Below are some records; return each one exactly as written.
===== The records =====
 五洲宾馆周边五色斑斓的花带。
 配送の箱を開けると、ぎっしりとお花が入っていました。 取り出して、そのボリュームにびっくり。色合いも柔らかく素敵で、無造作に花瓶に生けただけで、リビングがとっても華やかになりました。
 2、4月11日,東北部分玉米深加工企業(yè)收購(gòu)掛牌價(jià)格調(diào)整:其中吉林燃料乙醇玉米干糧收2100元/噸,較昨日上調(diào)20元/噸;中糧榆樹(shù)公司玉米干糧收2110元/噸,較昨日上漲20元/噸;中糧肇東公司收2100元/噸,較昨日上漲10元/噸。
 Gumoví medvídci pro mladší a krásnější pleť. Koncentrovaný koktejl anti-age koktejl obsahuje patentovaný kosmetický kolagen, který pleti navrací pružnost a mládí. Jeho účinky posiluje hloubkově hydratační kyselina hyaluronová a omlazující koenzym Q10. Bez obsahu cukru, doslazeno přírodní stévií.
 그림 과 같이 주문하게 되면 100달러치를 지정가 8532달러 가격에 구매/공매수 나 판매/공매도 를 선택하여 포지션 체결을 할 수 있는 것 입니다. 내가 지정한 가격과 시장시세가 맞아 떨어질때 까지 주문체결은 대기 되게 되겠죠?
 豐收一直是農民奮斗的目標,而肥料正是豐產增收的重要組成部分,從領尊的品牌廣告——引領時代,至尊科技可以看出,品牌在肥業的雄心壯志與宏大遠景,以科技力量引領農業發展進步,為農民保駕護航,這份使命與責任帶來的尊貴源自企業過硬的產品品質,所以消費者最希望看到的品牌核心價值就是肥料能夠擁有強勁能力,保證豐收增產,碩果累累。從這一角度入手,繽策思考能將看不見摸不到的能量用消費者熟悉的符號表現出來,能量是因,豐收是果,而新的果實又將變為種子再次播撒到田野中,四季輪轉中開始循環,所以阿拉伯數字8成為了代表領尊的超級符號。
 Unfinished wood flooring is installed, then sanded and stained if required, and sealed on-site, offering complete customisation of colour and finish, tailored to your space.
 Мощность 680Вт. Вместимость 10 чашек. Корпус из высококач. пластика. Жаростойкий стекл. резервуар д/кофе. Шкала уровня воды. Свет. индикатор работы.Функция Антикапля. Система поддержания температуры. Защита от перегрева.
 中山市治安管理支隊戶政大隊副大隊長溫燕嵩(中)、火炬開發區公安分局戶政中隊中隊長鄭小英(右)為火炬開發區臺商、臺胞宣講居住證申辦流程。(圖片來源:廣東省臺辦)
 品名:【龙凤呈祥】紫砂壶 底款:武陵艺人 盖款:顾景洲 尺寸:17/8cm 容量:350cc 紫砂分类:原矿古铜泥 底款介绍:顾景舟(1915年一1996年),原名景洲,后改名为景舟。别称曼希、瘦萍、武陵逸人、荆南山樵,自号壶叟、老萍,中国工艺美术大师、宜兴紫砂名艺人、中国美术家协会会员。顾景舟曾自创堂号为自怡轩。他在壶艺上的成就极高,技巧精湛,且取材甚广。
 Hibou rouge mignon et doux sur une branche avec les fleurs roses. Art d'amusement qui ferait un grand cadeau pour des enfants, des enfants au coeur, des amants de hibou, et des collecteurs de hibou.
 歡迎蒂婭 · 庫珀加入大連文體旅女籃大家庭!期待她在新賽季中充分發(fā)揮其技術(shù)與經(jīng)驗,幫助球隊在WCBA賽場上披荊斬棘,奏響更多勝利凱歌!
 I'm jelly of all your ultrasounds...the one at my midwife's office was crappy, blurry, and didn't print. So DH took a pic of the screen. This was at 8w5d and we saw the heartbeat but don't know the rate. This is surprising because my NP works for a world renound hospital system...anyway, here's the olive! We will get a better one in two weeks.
=====
=== Output of the exercise ===
 五洲宾馆周边五色斑斓的花带。
 配送の箱を開けると、ぎっしりとお花が入っていました。 取り出して、そのボリュームにびっくり。色合いも柔らかく素敵で、無造作に花瓶に生けただけで、リビングがとっても華やかになりました。
 2、4月11日,東北部分玉米深加工企業(yè)收購(gòu)掛牌價(jià)格調(diào)整:其中吉林燃料乙醇玉米干糧收2100元/噸,較昨日上調(diào)20元/噸;中糧榆樹(shù)公司玉米干糧收2110元/噸,較昨日上漲20元/噸;中糧肇東公司收2100元/噸,較昨日上漲10元/噸。
 Gumoví medvídci pro mladší a krásnější pleť. Koncentrovaný koktejl anti-age koktejl obsahuje patentovaný kosmetický kolagen, který pleti navrací pružnost a mládí. Jeho účinky posiluje hloubkově hydratační kyselina hyaluronová a omlazující koenzym Q10. Bez obsahu cukru, doslazeno přírodní stévií.
 그림 과 같이 주문하게 되면 100달러치를 지정가 8532달러 가격에 구매/공매수 나 판매/공매도 를 선택하여 포지션 체결을 할 수 있는 것 입니다. 내가 지정한 가격과 시장시세가 맞아 떨어질때 까지 주문체결은 대기 되게 되겠죠?
 豐收一直是農民奮斗的目標,而肥料正是豐產增收的重要組成部分,從領尊的品牌廣告——引領時代,至尊科技可以看出,品牌在肥業的雄心壯志與宏大遠景,以科技力量引領農業發展進步,為農民保駕護航,這份使命與責任帶來的尊貴源自企業過硬的產品品質,所以消費者最希望看到的品牌核心價值就是肥料能夠擁有強勁能力,保證豐收增產,碩果累累。從這一角度入手,繽策思考能將看不見摸不到的能量用消費者熟悉的符號表現出來,能量是因,豐收是果,而新的果實又將變為種子再次播撒到田野中,四季輪轉中開始循環,所以阿拉伯數字8成為了代表領尊的超級符號。
 Unfinished wood flooring is installed, then sanded and stained if required, and sealed on-site, offering complete customisation of colour and finish, tailored to your space.
 Мощность 680Вт. Вместимость 10 чашек. Корпус из высококач. пластика. Жаростойкий стекл. резервуар д/кофе. Шкала уровня воды. Свет. индикатор работы.Функция Антикапля. Система поддержания температуры. Защита от перегрева.
 中山市治安管理支隊戶政大隊副大隊長溫燕嵩(中)、火炬開發區公安分局戶政中隊中隊長鄭小英(右)為火炬開發區臺商、臺胞宣講居住證申辦流程。(圖片來源:廣東省臺辦)
 品名:【龙凤呈祥】紫砂壶 底款:武陵艺人 盖款:顾景洲 尺寸:17/8cm 容量:350cc 紫砂分类:原矿古铜泥 底款介绍:顾景舟(1915年一1996年),原名景洲,后改名为景舟。别称曼希、瘦萍、武陵逸人、荆南山樵,自号壶叟、老萍,中国工艺美术大师、宜兴紫砂名艺人、中国美术家协会会员。顾景舟曾自创堂号为自怡轩。他在壶艺上的成就极高,技巧精湛,且取材甚广。
 Hibou rouge mignon et doux sur une branche avec les fleurs roses. Art d'amusement qui ferait un grand cadeau pour des enfants, des enfants au coeur, des amants de hibou, et des collecteurs de hibou.
 歡迎蒂婭 · 庫珀加入大連文體旅女籃大家庭!期待她在新賽季中充分發(fā)揮其技術(shù)與經(jīng)驗,幫助球隊在WCBA賽場上披荊斬棘,奏響更多勝利凱歌!
 I'm jelly of all your ultrasounds...the one at my midwife's office was crappy, blurry, and didn't print. So DH took a pic of the screen. This was at 8w5d and we saw the heartbeat but don't know the rate. This is surprising because my NP works for a world renound hospital system...anyway, here's the olive! We will get a better one in two weeks.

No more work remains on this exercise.